### Data excerpts
------------------------------------

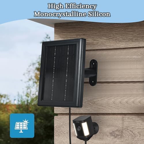 ? ?Fast Charging?Our solar charger is made of monocrystalline silicon material with high efficiency of photovoltaic conversion. Ring camera solar panel delivers 5V 3.5W of power, ensuring your camera stays charged with just a few hours of daily sunlight. Say goodbye to constant battery changes and the need for power adapters.
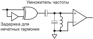 Рисунок 3. Умножитель частоты сделан на логическом элементе «исключающее ИЛИ», операционном усилителе, двух конденсаторах, индуктивности и элементе задержки
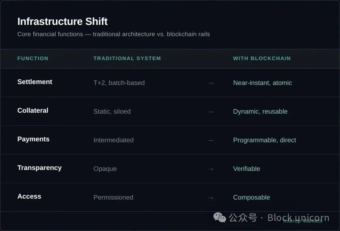 在當前情況下,抵押品只能在銀行營業時間內進行轉移,而托管分散意味著一家銀行持有的證券無法立即用於滿足另一家銀行的保證金要求。這種摩擦導致資本被鎖定,無法有效利用,也無法應對實時市場波動。
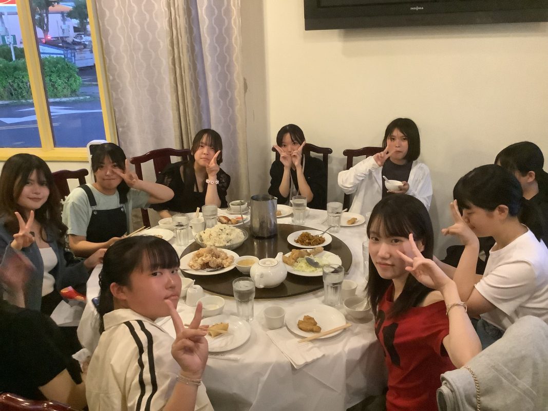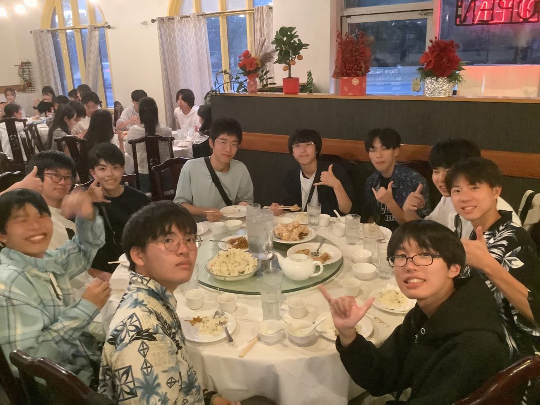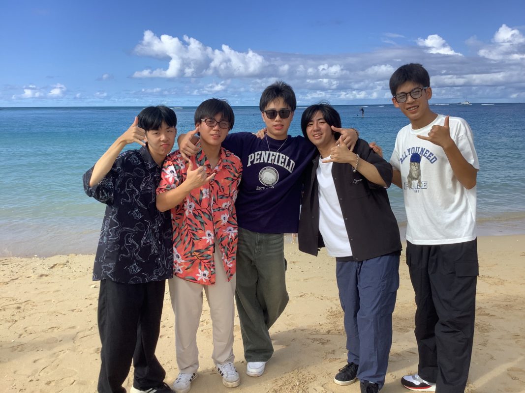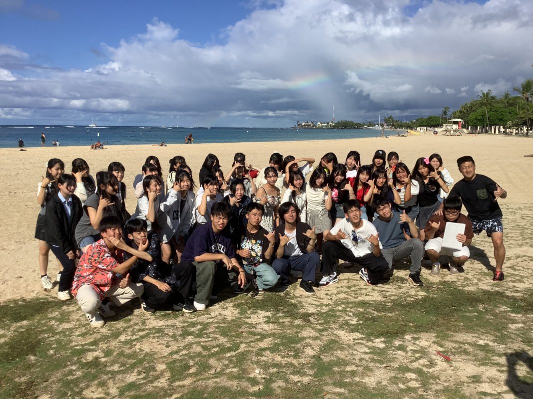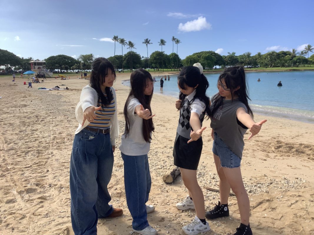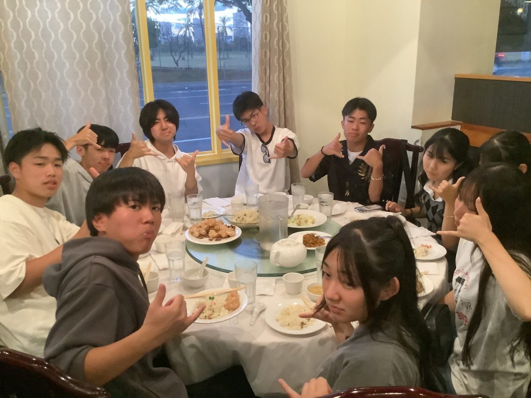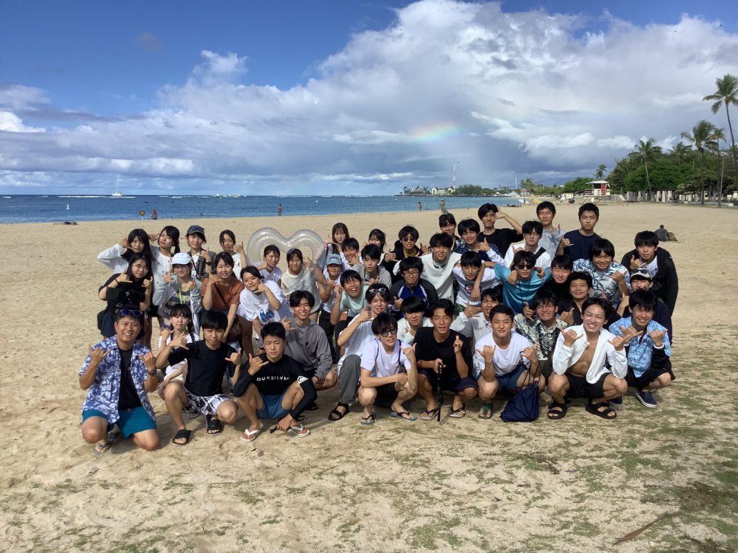 2025年10月9日(木)ハワイを一日満喫できる日,朝7時起床後,自室での自由食(前日に購入済み)を各自食べました。アラモアナビーチで泳ぐ生徒は水着の準備,見学の生徒は軽装で、全員で8時30分頃,アラモアナホテルからアラモアナビーチまで,歩いて15分くらいで到着しました。まず集合写真をクラスごとに撮影して,それから海で泳ぐグループ,見学するグループに分かれました。9時前から10時30分頃まで,自由に泳いでいました。泳がないグループは,午後の班別自主研修を午前中から開始しました。泳いだグループは,一度ホテルに戻り,自室でシャワーを浴びて服に着替えてに11時30分頃それぞれのグループで,ワイキキ方面、アラモアナ周辺など計画しているところへの移動を開始しました。17時までにアラモアナホテルに戻りました。夕食は,アラモアナホテル近くの中華レストランに皆んなで行きました。
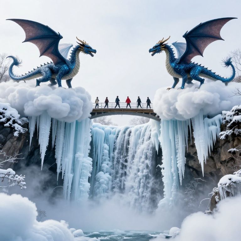 Fantasy illustration of two blue dragons standing on icy cliffs, facing each other, above a frozen waterfall with people crossing a bridge. Snow-covered landscape and
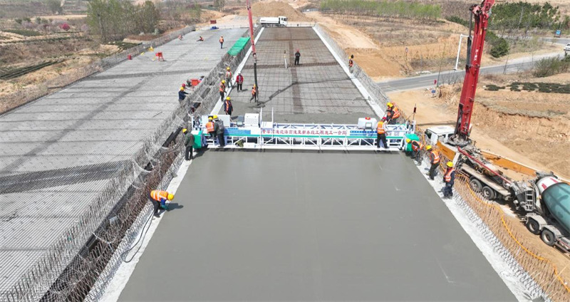 慶章高速二標段施工現(xiàn)場,壓路機、攤鋪機等大型機械設(shè)備正在緊張有序作業(yè),全體參建者放棄休假,堅守崗位,聚焦關(guān)鍵節(jié)點、關(guān)鍵環(huán)節(jié),重點推進G220國道與大年陳樞紐互通立交建設(shè)進度。截至目前,路基土方工程完成92%,梁板吊裝完成87%,橋面系、路基防排水和路面水穩(wěn)基層全面展開。

------------------------------------

### Problem to solve
Whenever a picture appears, leave it out, and return every record exactly.

### Response for this exercise
 ? ?Fast Charging?Our solar charger is made of monocrystalline silicon material with high efficiency of photovoltaic conversion. Ring camera solar panel delivers 5V 3.5W of power, ensuring your camera stays charged with just a few hours of daily sunlight. Say goodbye to constant battery changes and the need for power adapters.
 Рисунок 3. Умножитель частоты сделан на логическом элементе «исключающее ИЛИ», операционном усилителе, двух конденсаторах, индуктивности и элементе задержки
 在當前情況下,抵押品只能在銀行營業時間內進行轉移,而托管分散意味著一家銀行持有的證券無法立即用於滿足另一家銀行的保證金要求。這種摩擦導致資本被鎖定,無法有效利用,也無法應對實時市場波動。
 2025年10月9日(木)ハワイを一日満喫できる日,朝7時起床後,自室での自由食(前日に購入済み)を各自食べました。アラモアナビーチで泳ぐ生徒は水着の準備,見学の生徒は軽装で、全員で8時30分頃,アラモアナホテルからアラモアナビーチまで,歩いて15分くらいで到着しました。まず集合写真をクラスごとに撮影して,それから海で泳ぐグループ,見学するグループに分かれました。9時前から10時30分頃まで,自由に泳いでいました。泳がないグループは,午後の班別自主研修を午前中から開始しました。泳いだグループは,一度ホテルに戻り,自室でシャワーを浴びて服に着替えてに11時30分頃それぞれのグループで,ワイキキ方面、アラモアナ周辺など計画しているところへの移動を開始しました。17時までにアラモアナホテルに戻りました。夕食は,アラモアナホテル近くの中華レストランに皆んなで行きました。
 Fantasy illustration of two blue dragons standing on icy cliffs, facing each other, above a frozen waterfall with people crossing a bridge. Snow-covered landscape and
 慶章高速二標段施工現(xiàn)場,壓路機、攤鋪機等大型機械設(shè)備正在緊張有序作業(yè),全體參建者放棄休假,堅守崗位,聚焦關(guān)鍵節(jié)點、關(guān)鍵環(huán)節(jié),重點推進G220國道與大年陳樞紐互通立交建設(shè)進度。截至目前,路基土方工程完成92%,梁板吊裝完成87%,橋面系、路基防排水和路面水穩(wěn)基層全面展開。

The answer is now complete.